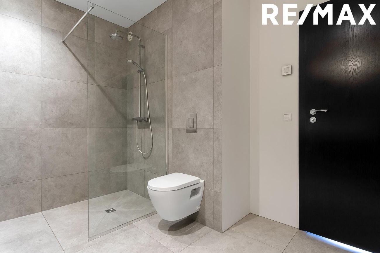 Baðherbergi, með flísum á gólfi og hluta af veggjum, rúmgóð og glæsileg innrétting. Upphengt klósett, handklæðaofn og góð sturta.
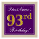Este sencillo y elegante diseño de poster para fiestas de cumpleaños incluye un mensaje personalizado como "¡Cumpleaños 93 de FirstName!" (el "93" tiene un aspecto de color falso/imitación de oro) dentro de un área cuadrada de color morado con un simple contorno de borde. El nombre se encuentra en un texto elegante de color blanco tipo script, y se puede personalizar. Un poster de fiesta de cumpleaños personalizado como este podría ser usado como decoración en un fiesta que está siendo retenido por alguien que está celebrando su noventa tercer cumpleaños. [~Z0000238]
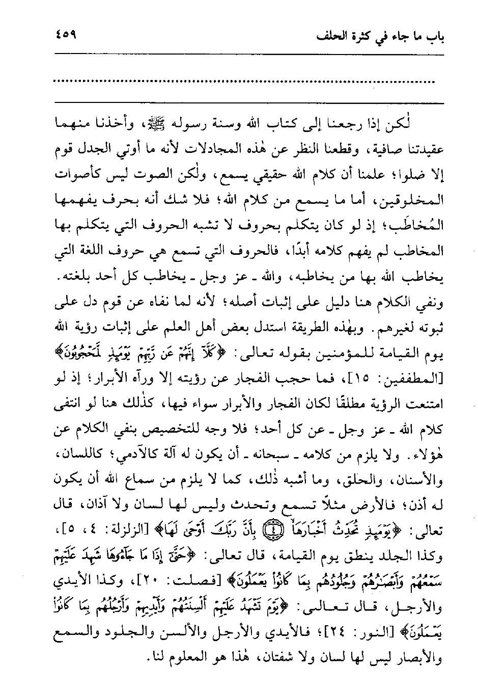 لكن إذا رجعنا إلى كتاب الله وسنة رسوله صلى الله عليه وسلم وأخذنا منهما عقيدتنا صافية، وقطعنا النظر عن هذه المجادلات لأنه ما أوتي الجدل قوم إلا ضلوا; علمنا أن كلام الله حقيقي يسمع، ولكن الصوت ليس كأصوات المخلوقين، أما ما يسمع من كلام الله; فلا شك أنه بحرف يفهمها المخاطب; إذ لو كان يتكلم بحروف لا تشبه الحروف التي يتكلم بها المخاطب لم يفهم كلامه أبدا، فالحروف التي تسمع هي حروف اللغة التي يخاطب الله بها من يخاطبه، والله عز وجل يخاطب كل أحد بلغته. ونفي الكلام هنا دليل على إثبات أصله، لأنه لما نفاه عن قوم دل على ثبوته لغيرهم. وبهذه الطريقة استدل بعض أهل العلم على إثبات رؤية الله يوم القيامة للمؤمنين بقوله تعالى: {كَلاَّ إِنَّهُمْ عَنْ رَبِّهِمْ يَوْمَئِذٍ لَمَحْجُوبُونَ} 1 فما حجب الفجار عن رؤيته إلا ورآه الأبرار; إذ لو امتنعت الرؤية مطلقا لكان الفجار والأبرار سواء فيها، كذلك هنا لو انتفى كلام الله عز وجل عن كل أحد; فلا وجه للتخصيص بنفي الكلام عن هؤلاء. ولا يلزم من كلامه -سبحانه- أن يكون له آلة كالآدمي; كاللسان، والأسنان، والحلق، وما أشبه ذلك، كما لا يلزم من سماع الله أن يكون له أذن; فالأرض مثلا تسمع وتحدث وليس لها لسان ولا آذان، قال تعالى: {يَوْمَئِذٍ تُحَدِّثُ أَخْبَارَهَا بِأَنَّ رَبَّكَ أَوْحَى لَهَا} 2 وكذا الجلد ينطق يوم القيامة، قال تعالى: {حَتَّى إِذَا مَا جَاءُوهَا شَهِدَ عَلَيْهِمْ سَمْعُهُمْ وَأَبْصَارُهُمْ وَجُلُودُهُمْ بِمَا كَانُوا يَعْمَلُونَ} 3 وكذا الأيدي والأرجل، قال تعالى: {يَوْمَ تَشْهَدُ عَلَيْهِمْ أَلْسِنَتُهُمْ وَأَيْدِيهِمْ وَأَرْجُلُهُمْ بِمَا كَانُوا يَعْمَلُونَ} 4 فالأيدي والأرجل والألسن والجلود والسمع والأبصار ليس لها لسان ولا شفتان، هذا هو المعلوم لنا.
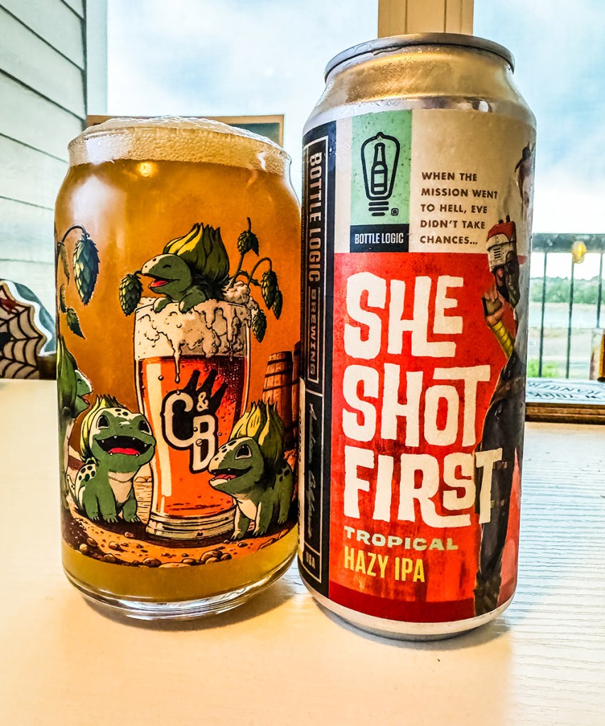 Bottle Logic: She Shot First – IPA / New England Tropical Hazy. The mission went to hell. Eve didn’t take chances… #SheShotFirst. This Hazy IPA is an evolution of one of our opening-day beers, brewed with Mosaic, Simcoe, and El Dorado hops, and now finished with a clean shot of sweet pineapple and vibrant passionfruit

Exercise objective >> Copy out the material above in full and exactly, but with no pictures.

Solution for this problem >>
 Baðherbergi, með flísum á gólfi og hluta af veggjum, rúmgóð og glæsileg innrétting. Upphengt klósett, handklæðaofn og góð sturta.
Este sencillo y elegante diseño de poster para fiestas de cumpleaños incluye un mensaje personalizado como "¡Cumpleaños 93 de FirstName!" (el "93" tiene un aspecto de color falso/imitación de oro) dentro de un área cuadrada de color morado con un simple contorno de borde. El nombre se encuentra en un texto elegante de color blanco tipo script, y se puede personalizar. Un poster de fiesta de cumpleaños personalizado como este podría ser usado como decoración en un fiesta que está siendo retenido por alguien que está celebrando su noventa tercer cumpleaños. [~Z0000238]
 لكن إذا رجعنا إلى كتاب الله وسنة رسوله صلى الله عليه وسلم وأخذنا منهما عقيدتنا صافية، وقطعنا النظر عن هذه المجادلات لأنه ما أوتي الجدل قوم إلا ضلوا; علمنا أن كلام الله حقيقي يسمع، ولكن الصوت ليس كأصوات المخلوقين، أما ما يسمع من كلام الله; فلا شك أنه بحرف يفهمها المخاطب; إذ لو كان يتكلم بحروف لا تشبه الحروف التي يتكلم بها المخاطب لم يفهم كلامه أبدا، فالحروف التي تسمع هي حروف اللغة التي يخاطب الله بها من يخاطبه، والله عز وجل يخاطب كل أحد بلغته. ونفي الكلام هنا دليل على إثبات أصله، لأنه لما نفاه عن قوم دل على ثبوته لغيرهم. وبهذه الطريقة استدل بعض أهل العلم على إثبات رؤية الله يوم القيامة للمؤمنين بقوله تعالى: {كَلاَّ إِنَّهُمْ عَنْ رَبِّهِمْ يَوْمَئِذٍ لَمَحْجُوبُونَ} 1 فما حجب الفجار عن رؤيته إلا ورآه الأبرار; إذ لو امتنعت الرؤية مطلقا لكان الفجار والأبرار سواء فيها، كذلك هنا لو انتفى كلام الله عز وجل عن كل أحد; فلا وجه للتخصيص بنفي الكلام عن هؤلاء. ولا يلزم من كلامه -سبحانه- أن يكون له آلة كالآدمي; كاللسان، والأسنان، والحلق، وما أشبه ذلك، كما لا يلزم من سماع الله أن يكون له أذن; فالأرض مثلا تسمع وتحدث وليس لها لسان ولا آذان، قال تعالى: {يَوْمَئِذٍ تُحَدِّثُ أَخْبَارَهَا بِأَنَّ رَبَّكَ أَوْحَى لَهَا} 2 وكذا الجلد ينطق يوم القيامة، قال تعالى: {حَتَّى إِذَا مَا جَاءُوهَا شَهِدَ عَلَيْهِمْ سَمْعُهُمْ وَأَبْصَارُهُمْ وَجُلُودُهُمْ بِمَا كَانُوا يَعْمَلُونَ} 3 وكذا الأيدي والأرجل، قال تعالى: {يَوْمَ تَشْهَدُ عَلَيْهِمْ أَلْسِنَتُهُمْ وَأَيْدِيهِمْ وَأَرْجُلُهُمْ بِمَا كَانُوا يَعْمَلُونَ} 4 فالأيدي والأرجل والألسن والجلود والسمع والأبصار ليس لها لسان ولا شفتان، هذا هو المعلوم لنا.
 Bottle Logic: She Shot First – IPA / New England Tropical Hazy. The mission went to hell. Eve didn’t take chances… #SheShotFirst. This Hazy IPA is an evolution of one of our opening-day beers, brewed with Mosaic, Simcoe, and El Dorado hops, and now finished with a clean shot of sweet pineapple and vibrant passionfruit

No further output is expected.